Christine Wang
"The Issues are Too Important to be Judgmental"
in LACMA's permanent collection
MAY 23, 2018 – Night Gallery is honored to announce the generous donation of Christine Wang’s “The Issues are Too Important to be Judgmental,” 2016, to LACMA’s permanent collection. Wang’s painting, made from oil paint and gold leaf on wood, originally appeared in her solo exhibition Devotional Art for Your Home, which was on view at the gallery in October and November 2016. The timing of the exhibition makes historic relics of the already-referential works, which were on view in the days immediately preceding and following the election of Donald Trump.

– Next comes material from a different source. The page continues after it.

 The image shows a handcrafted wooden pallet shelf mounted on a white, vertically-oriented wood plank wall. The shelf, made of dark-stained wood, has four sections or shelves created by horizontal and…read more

Wang’s work uses satire to confront profound societal ills as they relate to (and are ignored by) the arts as an industry and a discursive space. Drawing from her experience as a member of Critical Resistance, an organization working to abolish the prison industrial complex, her works explore the possibility of resistance against entrenched institutional failures. The works appearing in Devotional Art for Your Home re-envision specific 15th-century European religious paintings, compounding their spiritual symbolism with imagery out of contemporary American politics. Through art historical reference, Wang invokes centuries of turmoil and the escape that spirituality has long represented, while speaking to her subjective position as an individual meeting a world of inexorable conflict.

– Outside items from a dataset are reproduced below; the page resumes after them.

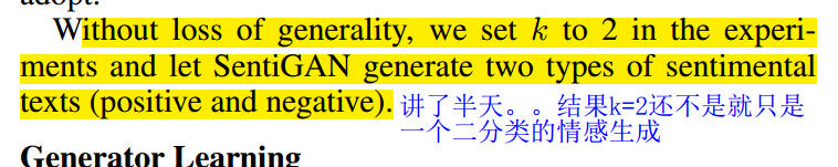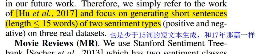 这篇文章主要是写了一个用多分类器和多个生成器生成带情感的文本的gan模型,结果最后的实验不是生成器的个数还是设为2,相当于并没有比之前的工作多了类型,另外和17年那篇icml的文章一样,这篇也是令训练数据文本小于15个单词,也是短文本生成,回头我在看看它的代码咋写的。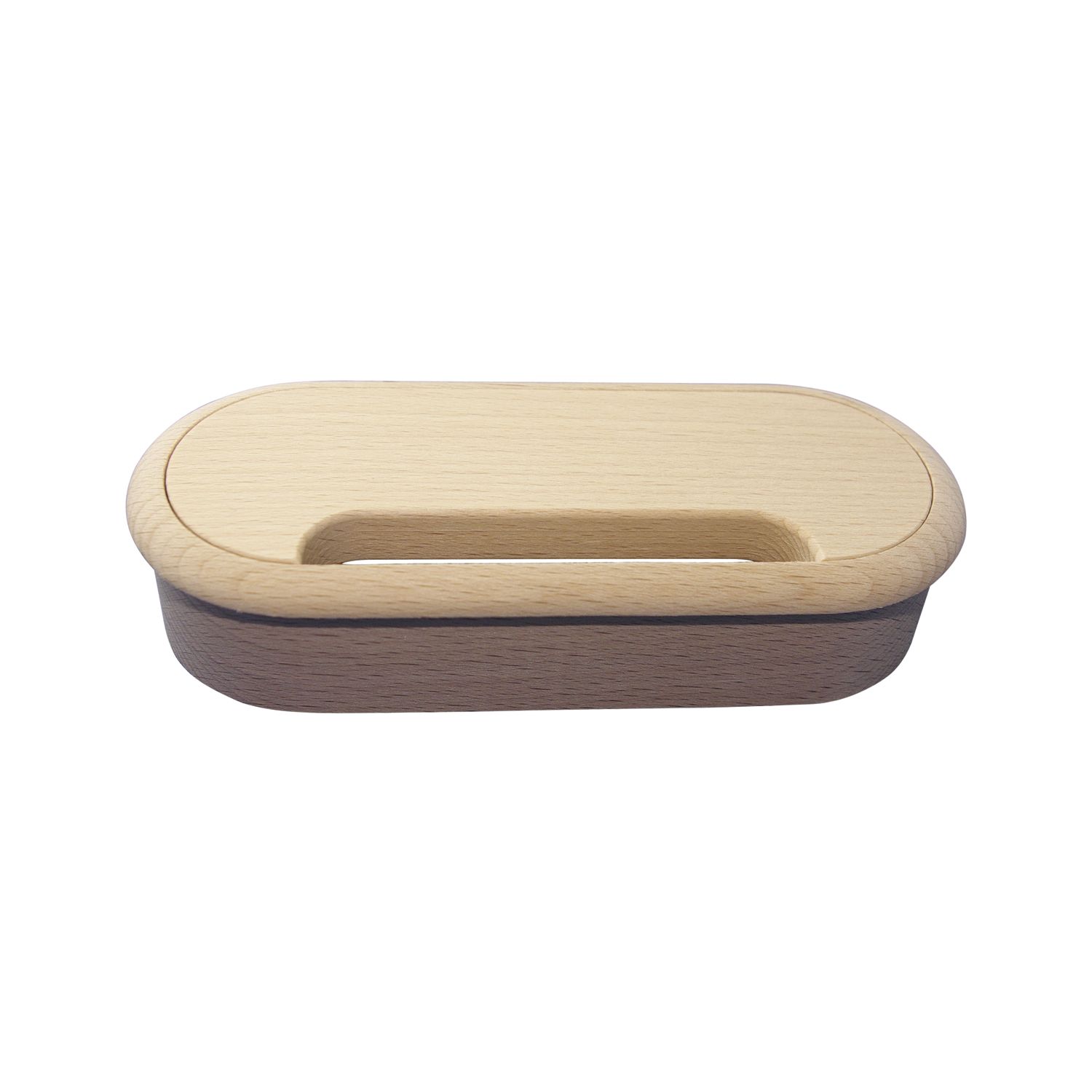 Kabeldurchgang oval, Holz, 57 x 143 mm, Buche roh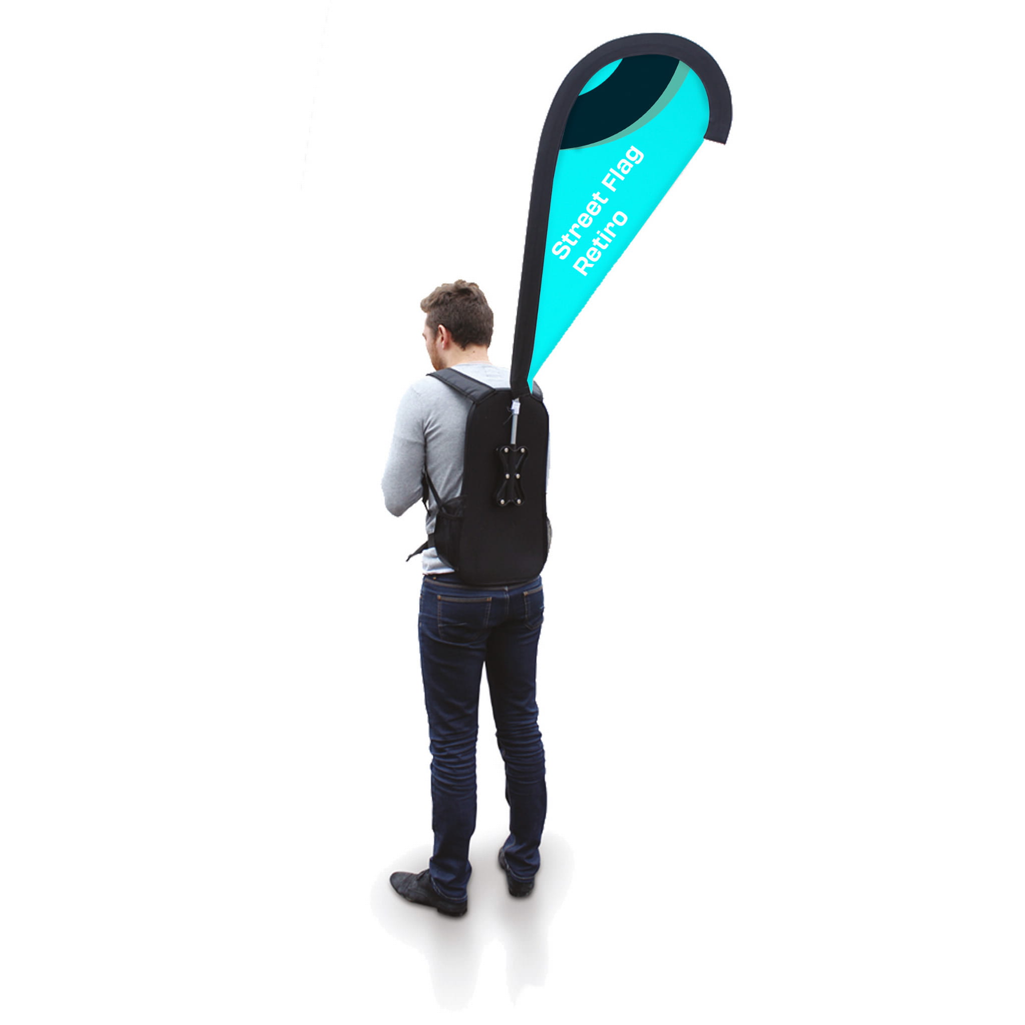 Der Rucksack verfügt über verstärkte Träger für einen bequemen Gebrauch sowie ein stabiles Befestigungssystem für die Fahne, das ein Brechen beim ersten Windstoß verhindert. Außerdem besitzt er Seitentaschen (z.B. für Werbegadgets), einen verstellbaren oberen und unteren Gurt mit Clip-Schnallen auf Brust- und Taillenhöhe. Die Haupttasche wird mit einem Reißverschluss geschlossen, um Sicherheit zu gewährleisten. Das Einzige, was dieses System nicht enthält, ist die Person :)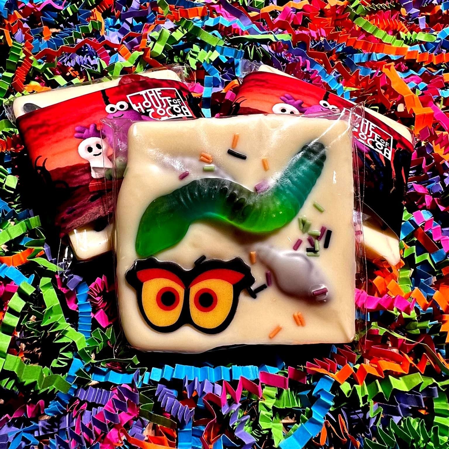 Meet our White Chocolate Bar with Worms, Eyes and sprinkles, an edible tribute to the hilarious horrors beneath the castle. This creamy, luxurious white chocolate slab is the perfect canvas for a truly monstrous gathering of toppings. Each bar features a wonderfully wiggly gummy worm, glaring, googly edible eyes, and a generous shower of bright, playful sprinkles.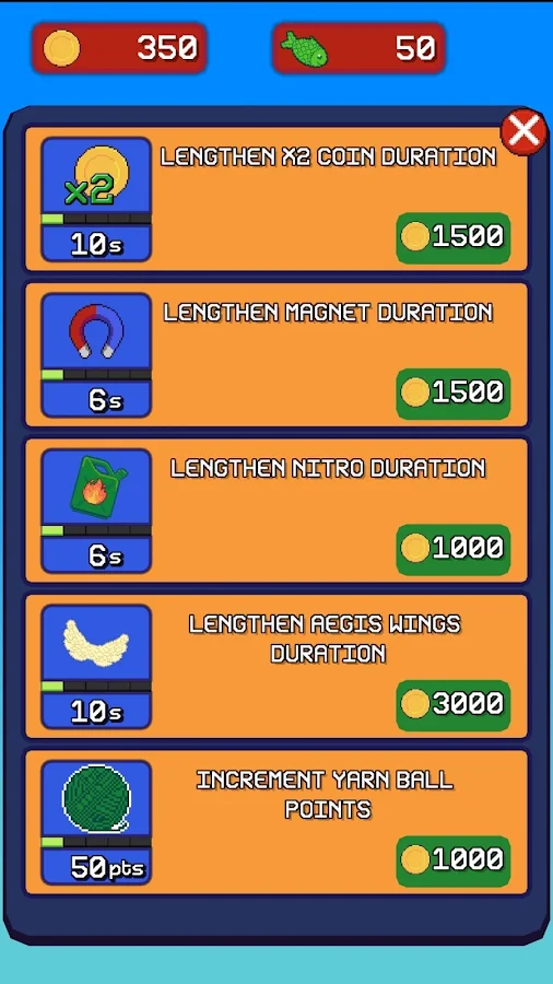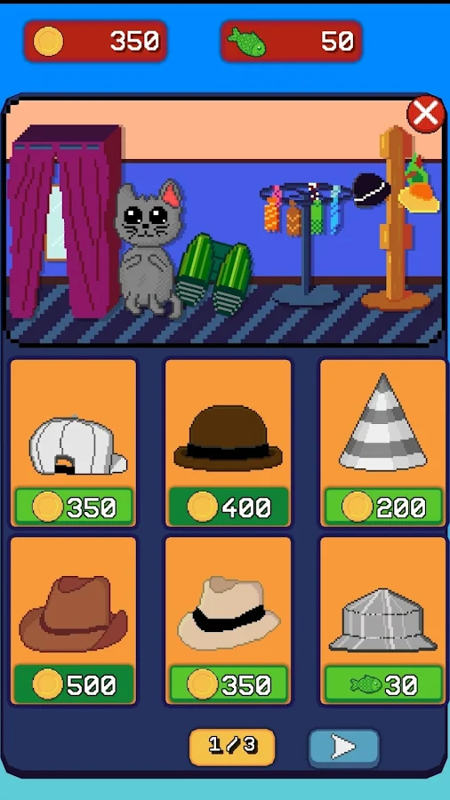 Colectați monede și pește pentru a îmbunătăți puterile și personalizați-vă pisica cumpărând articole frumoase!

In “The Issues are Too Important…,” Wang recreates Stefan Lochner’s “The Last Judgment,” c. 1495, replacing its figures with contemporary political actors. Bernie Sanders, Leslie Marmon Silko, and The New Jim Crow author Michelle Alexander are among those lined up at the gates of Heaven, while Hillary Clinton, Donald Trump, and former LAPD Sheriff Lee Baca surround the fiery entrance to Hell. Jesus, Mary, and St. John watch from above, though their faces have been replaced with the artist’s likeness. Wang here playfully interrogates the role of the politicized individual, perhaps a voter, as a kind of arbiter of morality who classifies global politics using the Christian categories of good and evil. The overall effect of the work is one of ambivalent optimism, acknowledging the difficulty of present-day political engagement while honoring the idealism that has facilitated change through history.